Voters appear to have based their decision on a clear process of legal investigation that has shown itself to be somewhat immune to political interference and whitewash.  In June, a South African court rejected President Zuma’s attempted appeal against a ruling that he should face as many as 800 charges of corruption, which include fraud and money laundering while he was in office.  In March this year, Zuma was found guilty of violating the constitution over the use of public funds to upgrade his private residence.

In the light of 1MDB, Malaysians won’t be shocked by these allegations, but what they might find surprising is that the courts in South Africa are ruling on them without fear or favour.  As a result, the party that has led the country since liberation, like UMNO in Malaysia, is no longer immune to scrutiny and the weight of public opinion.  Moreover, instead of blaming other groups or races for its loss, the ANC leadership has declared it will take collective responsibility.

More noteworthy still is how the opposition has responded in the South African context.  The winner in the August local election was the old White-dominated liberal party, the Democratic Alliance, that has strongholds in urban areas, rather like the Malaysian opposition.  The DA’s new leader, a black man from Soweto, called Mmusi Maimane, sometimes dubbed South Africa’s Obama, led the party to gain almost 30 per cent of the vote, up from less than two per cent in 1994.  Since the white population of South Africa represents only eight per cent of the total, many brown and black people must have shifted their allegiance from the ANC to the DA.

There are two lessons here for Malaysia: the first is that it is not a given that the party of liberation must rule the country forever; the second is that political affiliation need not correspond to ethnic identity.  South Africa is now the continent’s largest economy, having displaced Nigeria.  With the message delivered to the ANC at the local elections this month, many South Africans are hopeful that the country’s economic promise will no longer be squandered by leaders who use affirmative action to line the pockets of cronies and relatives.

Meanwhile, next door in the tiny island of Mauritius, which has long had a close relationship with Malaysia, there are also signs that politicians who abuse their power are increasingly subject to the law.  In June last year, Pravind Jugnauth, the son of current Prime Minister Anerood Jugnauth, was found guilty as Minister of Technology of conflict of interest in the purchase of a health clinic.

Pravind appealed the verdict and claimed trial, a decision he won, which has enabled him to serve as Finance Minister in the cabinet.  Remarkably, given that Pravind is considered Prime Minister in waiting to take over from his father, the Deputy Public Prosecutor is appealing the court’s decision – and he has kept his job.

The political set up in Mauritius is similar to that of Malaysia — a multiracial society composed of Hindu Indians, Muslim Indians, Chinese, Creole, and a smattering of established white families governed by a parliamentary system with courts and other regulatory bodies closely modeled on British institutions.  Also like Malaysia, there has long been tension between the manner in which the courts and the media hold politicians accountable, and political efforts to manipulate them.

It would seem that in the case of Mauritius, the checks and balances are working.

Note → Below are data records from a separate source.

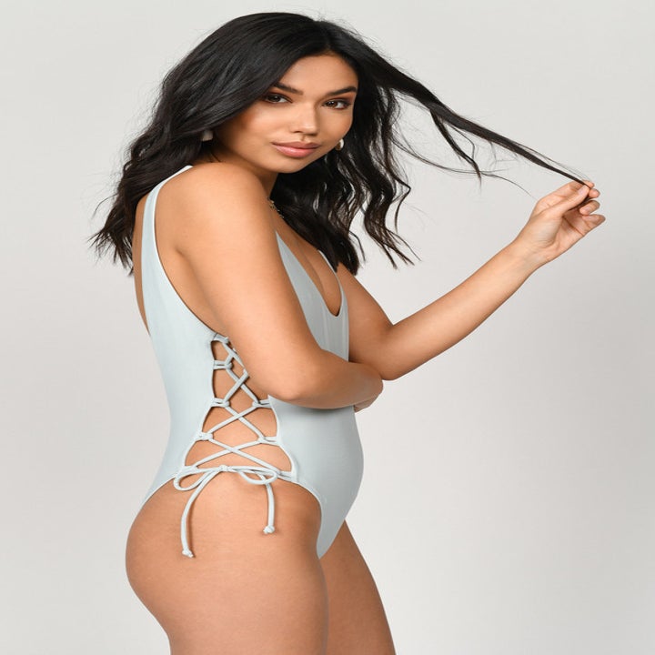 18. An off-the-shoulder lace-upwardly suit y'all tin can pair with whatever bottom and BAM! No 1 will know you're really wearing swimwear as yous stroll forth the boardwalk.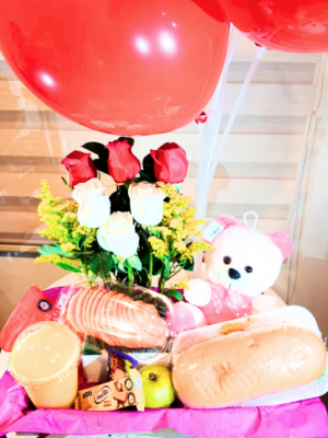 Contiene: Bandeja de gomas y maní, waffle con fruta y chocolate, dos alpinitos, mini ramito, porción de fruta picada, bouquet de flores, decoración en globos con globo oso, caja de madera.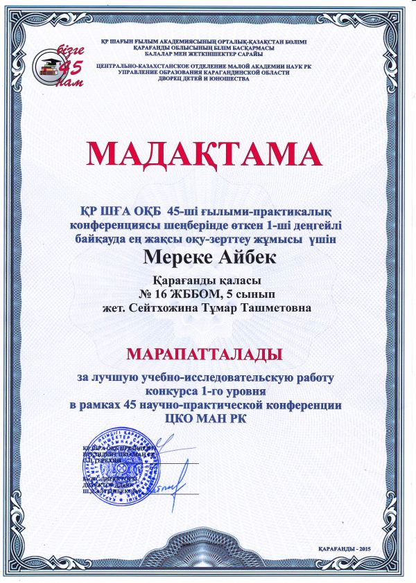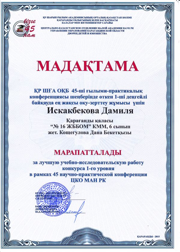 За лучшую учебно-исследовательского работы конкурса 1-го уровня в рамках 45 научно-практической конференции ЦКО МАН РК награждаются ученица 6 класса Искакбекова Дамиля, руководитель Кощегулова…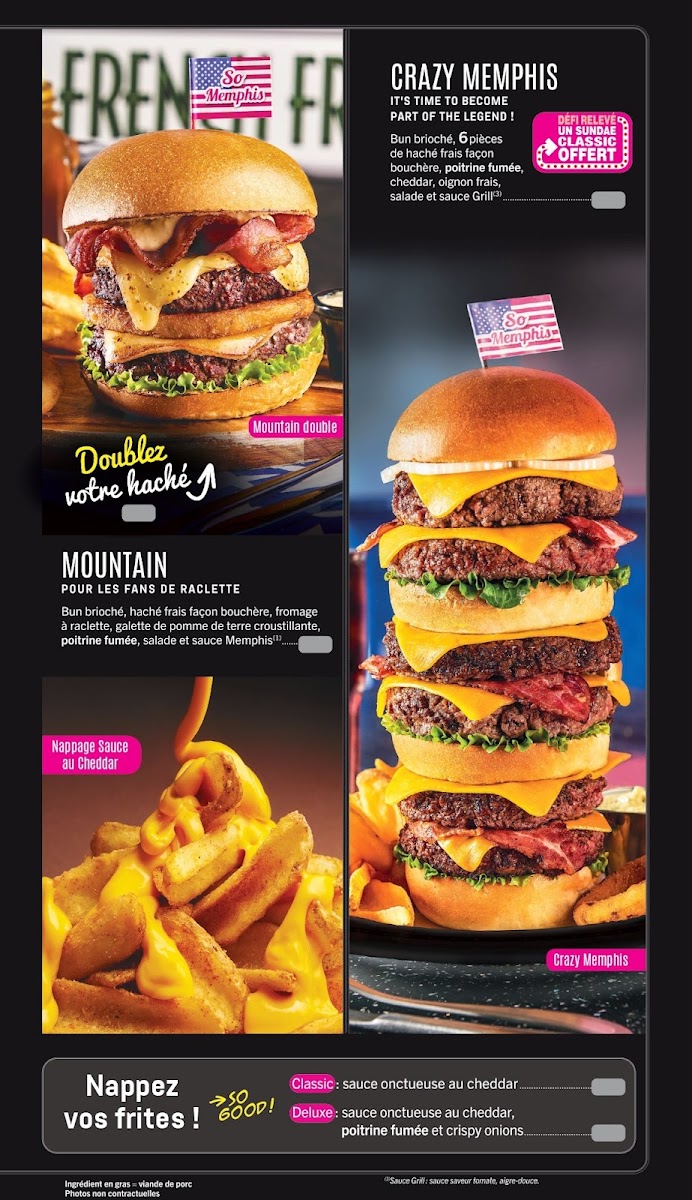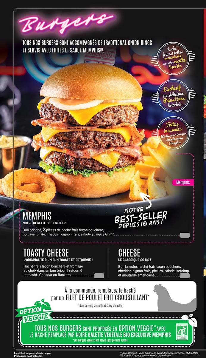 Bun noir, haché frais façon bouchère, sauce au cheddar blanc intense, poitrine fumée, oignons rissolés, sauce barbecue fumée, pickles, salade. Servi avec traditional onion rings, frites et sauce Memphis.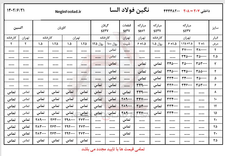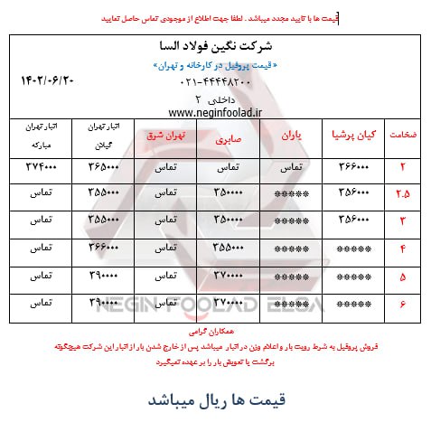 ⬅️کارخانجات مرکزی کشور ⭕️سپهر—————-————↕️————-—25900 ⭕️رادهمدان———————-↕️———-——25795 ⭕️کاوه ساوه———————-↕️—————-24500 ⭕️پرشین قزوین ————-—-↕️————--24300 ...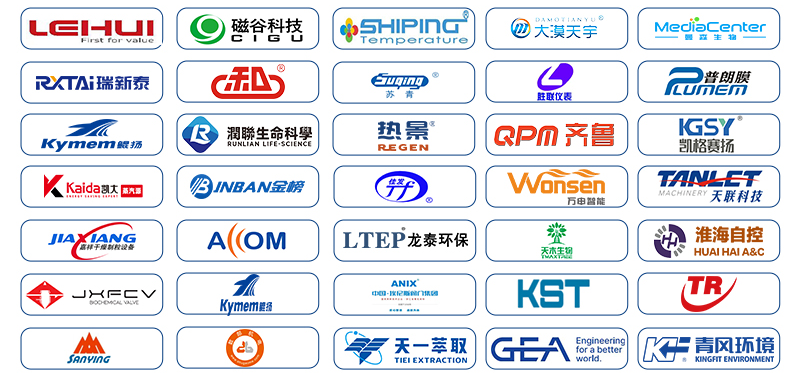 丰尚集团、山东欧迈、华恒生物、梅花生物、东富龙、青风环境、南京磁谷、山东天瑞、GEA、浙江天联、江苏艾利克、天长远安、山东欧瑞安、科滤环境、金鑫生化、华鼎机械、安拓思、浙江兴沃、江苏科海、上海豫诺、天俱时、东邦机械、康赛特、上海保兴、天一萃取、常州三高、上海数郜、苏州佳电、金太阳、润联环保、欧尚元、三樱流体、上海远安、百仑生物、汉凰科技、诺华赛、一鸣过滤、齐鲁包装、普朗膜、巨能机械等等。
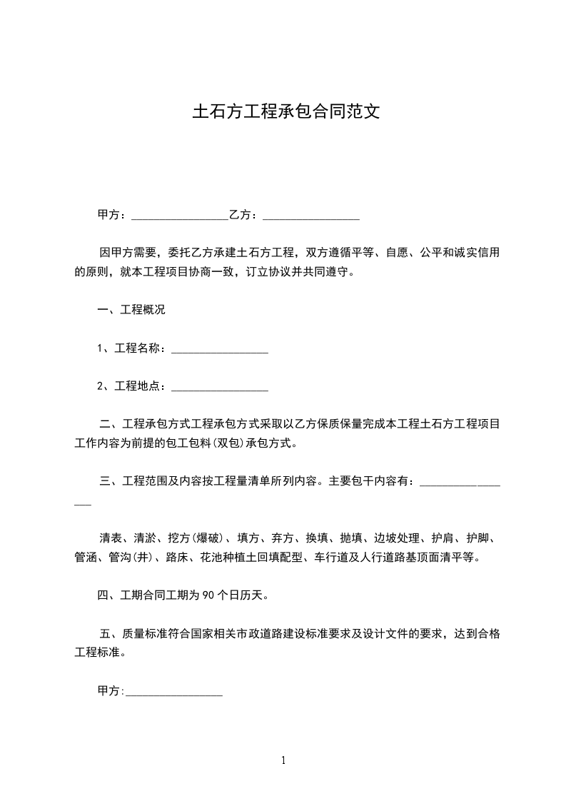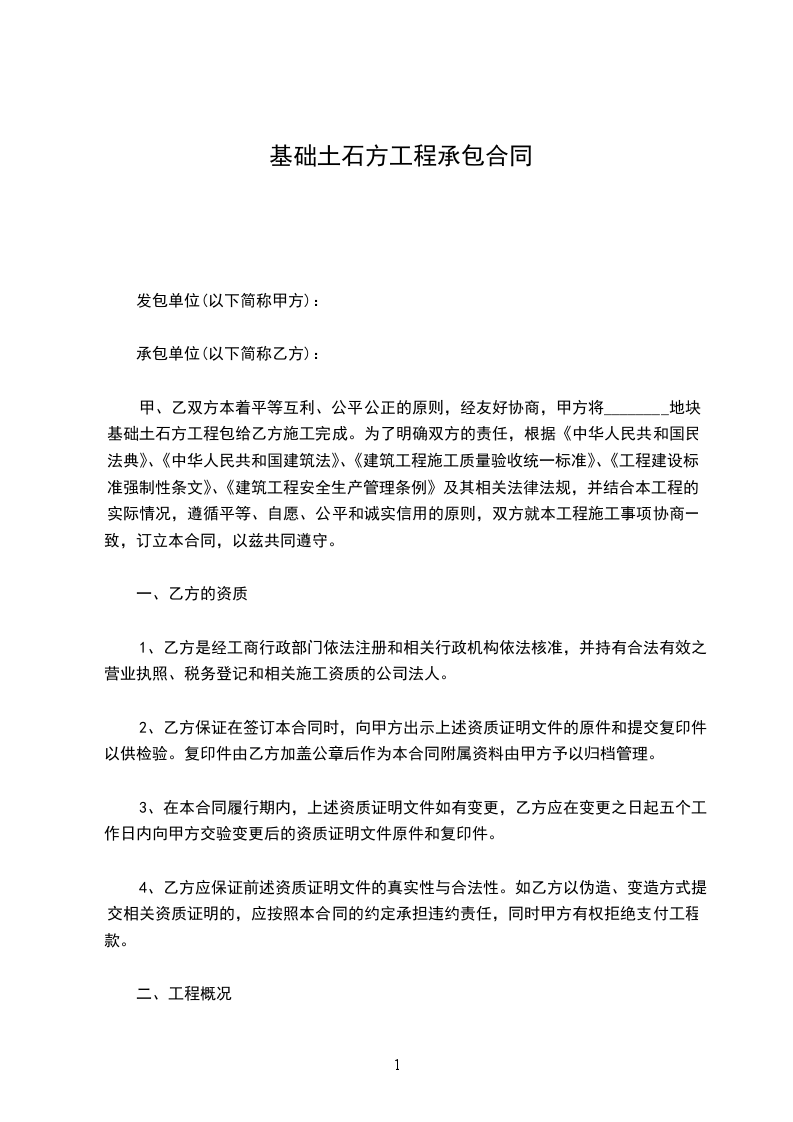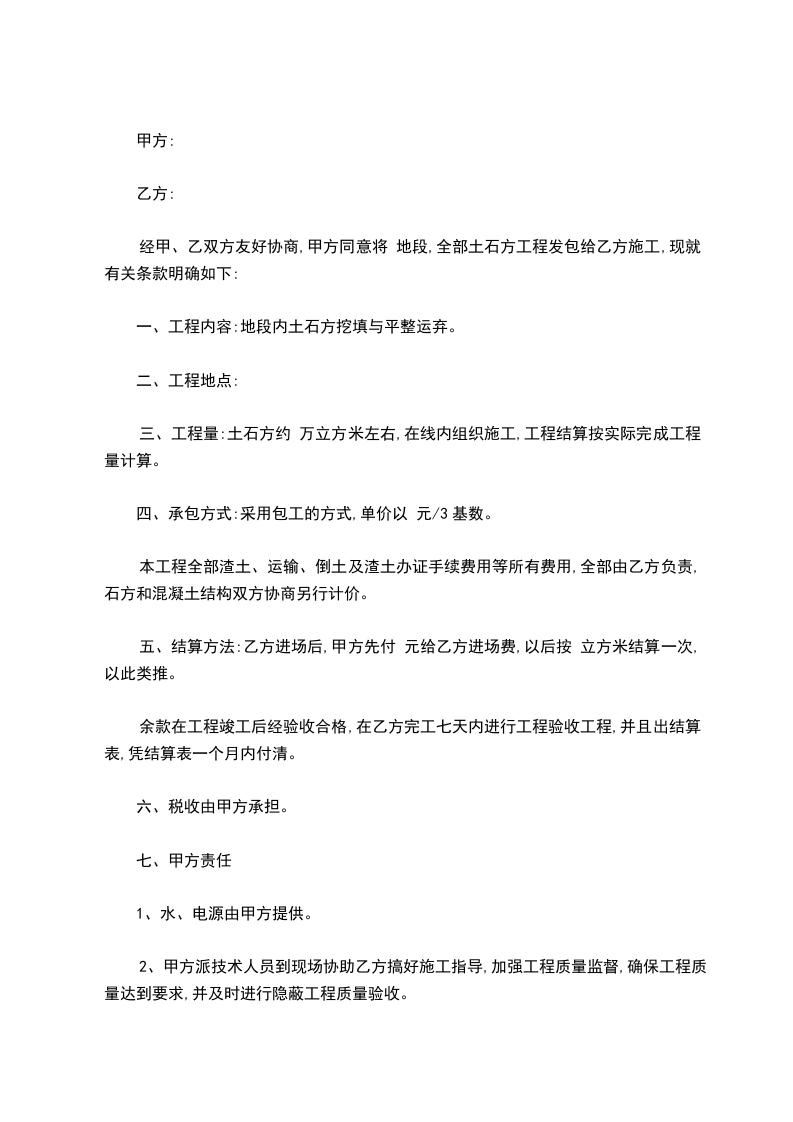 因甲方需要,委托乙方承建土石方工程,双方遵循平等、自愿、公平和诚实信用的原则,就本工程项目协商一致,订立协议并共同遵守。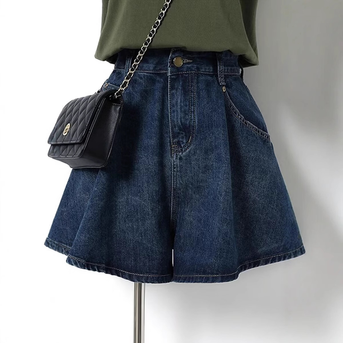 플러스 사이즈 데님 반바지 여자 여름 얇은 느슨한 슬리밍 넓은 다리 바지 통통녀 높은 허리 엉덩이 커버하는 A-라인과 함께 모든 매치 핫 팬츠
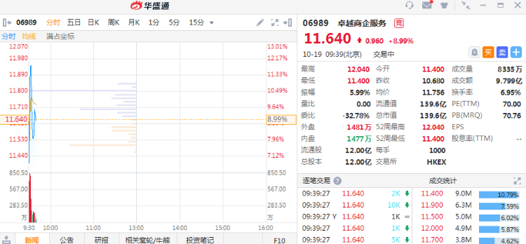 卓越商企服务(06989.HK) 首日挂牌高开高走,一度涨超12.73%,现报11.64港元,较上市价10.68元高8.99%,成交8333万股。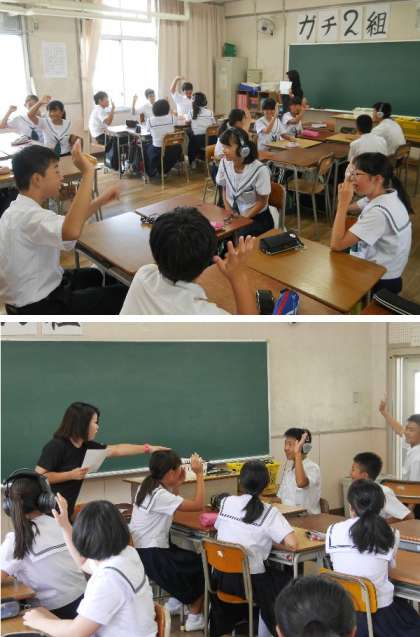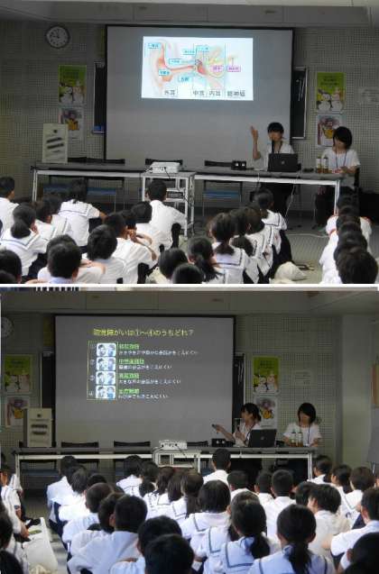 1年生は、体験学習として、難聴などの障がいについて体験学習をおこないました。ヘッドフォンからはずっと雑音がながれています。それをつけて聞こえにく状況を体験して、聴覚障がいの生活を学習しました。また、府立中央聴覚支援学校の先生方に出前授業に来ていただき、聴覚のしくみや、聴覚障がいについて教えていただきました。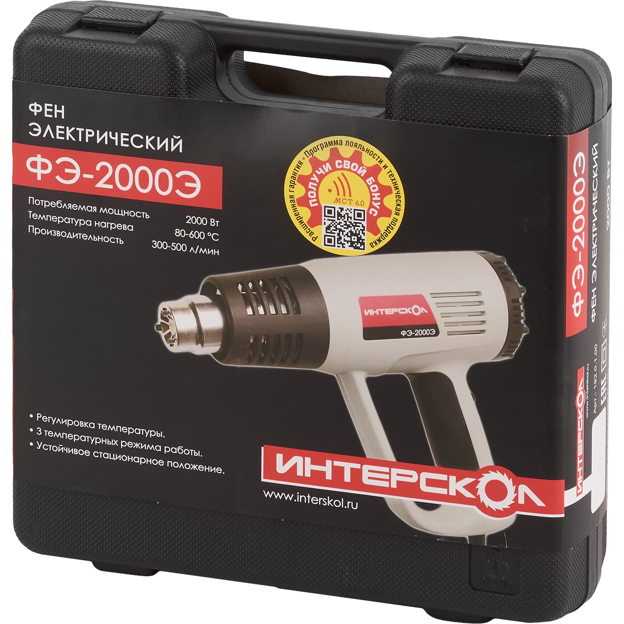 Технический фен Интерскол ФЭ-2000Э с регулировкой температуры 60-600°С 12276450 STLM-0001877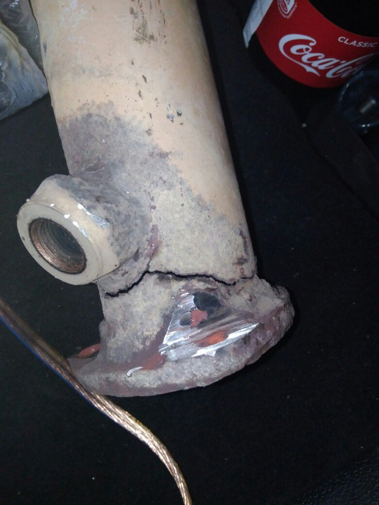 Осмотрели и нашли дырку, которая образовалась когда снимали выхлоп болгаркой…

Former Prime Minister Navin Ramgoolam, who was accused of using the courts to try to muzzle the media, is now under police investigation after more than US$ 6 million in cash was found at his home after he lost the election in 2014. Ramgoolam claims the money was a donation from supporters for use in the election campaign.  Sound familiar?

Michael Vatikiotis is Asia Regional Director for the Centre for Humanitarian Dialogue.